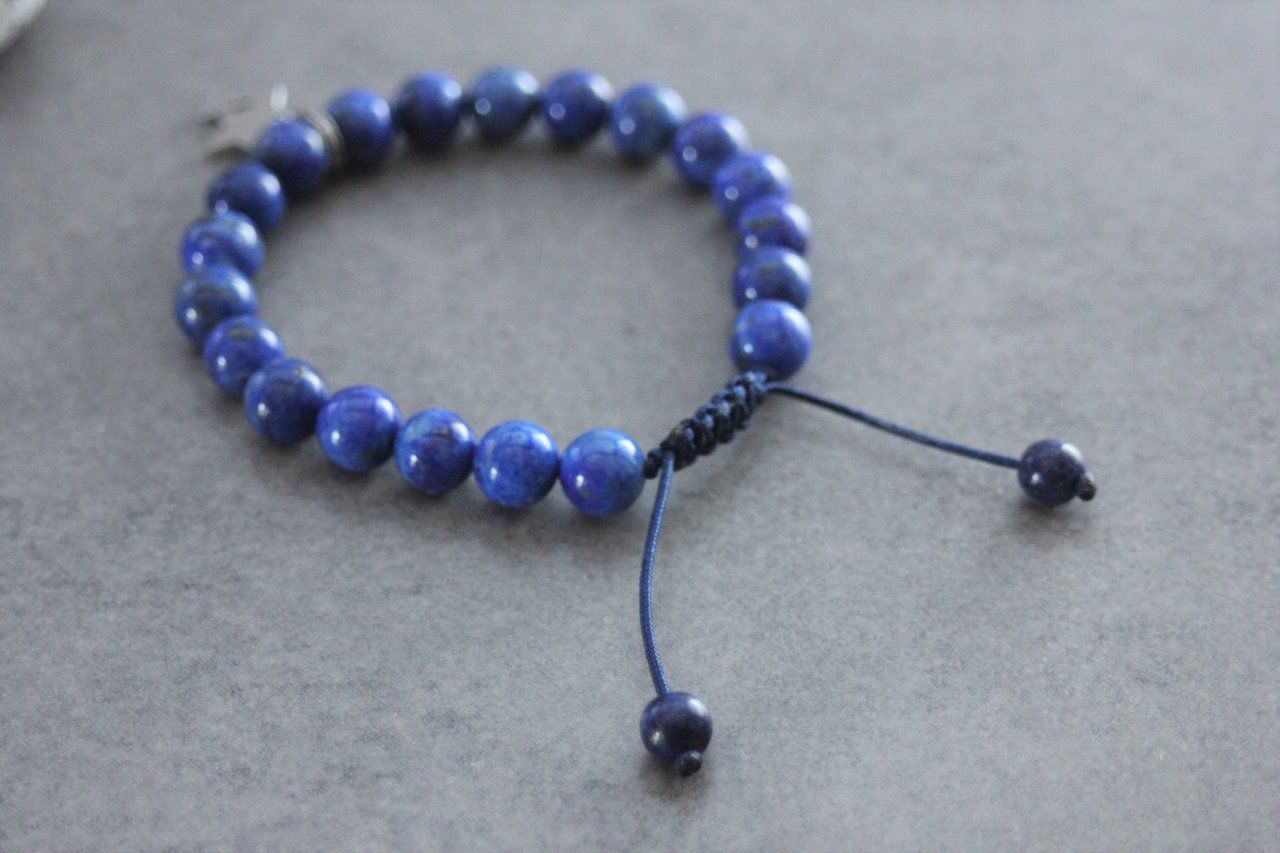 Bracelet ajustable avec fermoir coulissant de type macramé se terminant par 2 perles en lapis lazuli de 6mm.
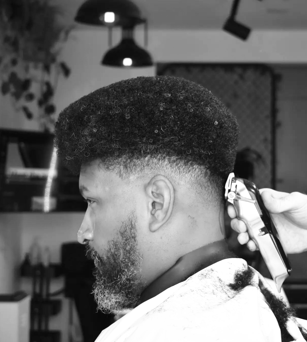 The cut focuses on enhancing the natural curls or coils while maintaining a sharp, clean look that complements the client’s face shape and style preferences. Afro cuts may also include fades or tapered sides for a modern finish.
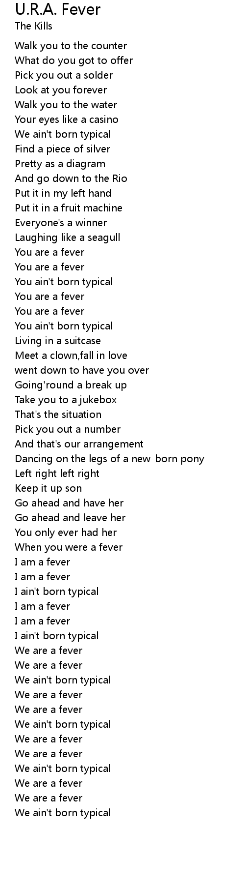 U.R.A. Fever Lyrics
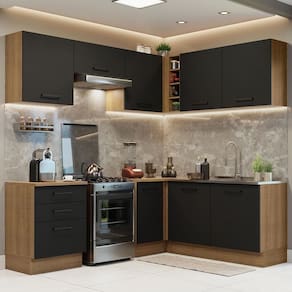 O acabamento da estrutura é em amadeirado Rustic e o das portas e frentes é preto. É feito em Pintura Poliéster com 7 camadas que protegem o móvel dos efeitos do álcool da água e do calor.
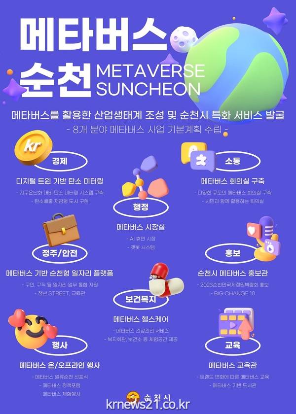 순천시 디지털정책과 관계자는 “앞으로 경제, 교육, 노동, 보건복지, 정주환경 등 시정의 다양한 분야에 메타버스 기반 행정을 펼쳐 메타버스 행정 분야에서도 대한민국의 표준을 만들어 나가겠다”고 말했다.
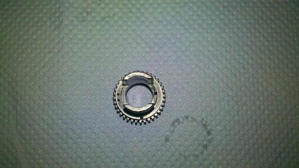 Dateikommentar: ist das in dem zahnrad die richtige makierung die mit dem Pfeit Fluchten muß? auf der Rückseite der Kolbenstange ist ein R

════════════════════

ACTIVITY — Give again, word for word, every line from the top of the entries above to the line holding "O acabamento da", both included. Leave the pictures out.

COMPLETED TASK —
 Bracelet ajustable avec fermoir coulissant de type macramé se terminant par 2 perles en lapis lazuli de 6mm.
 The cut focuses on enhancing the natural curls or coils while maintaining a sharp, clean look that complements the client’s face shape and style preferences. Afro cuts may also include fades or tapered sides for a modern finish.
 U.R.A. Fever Lyrics
 O acabamento da estrutura é em amadeirado Rustic e o das portas e frentes é preto. É feito em Pintura Poliéster com 7 camadas que protegem o móvel dos efeitos do álcool da água e do calor.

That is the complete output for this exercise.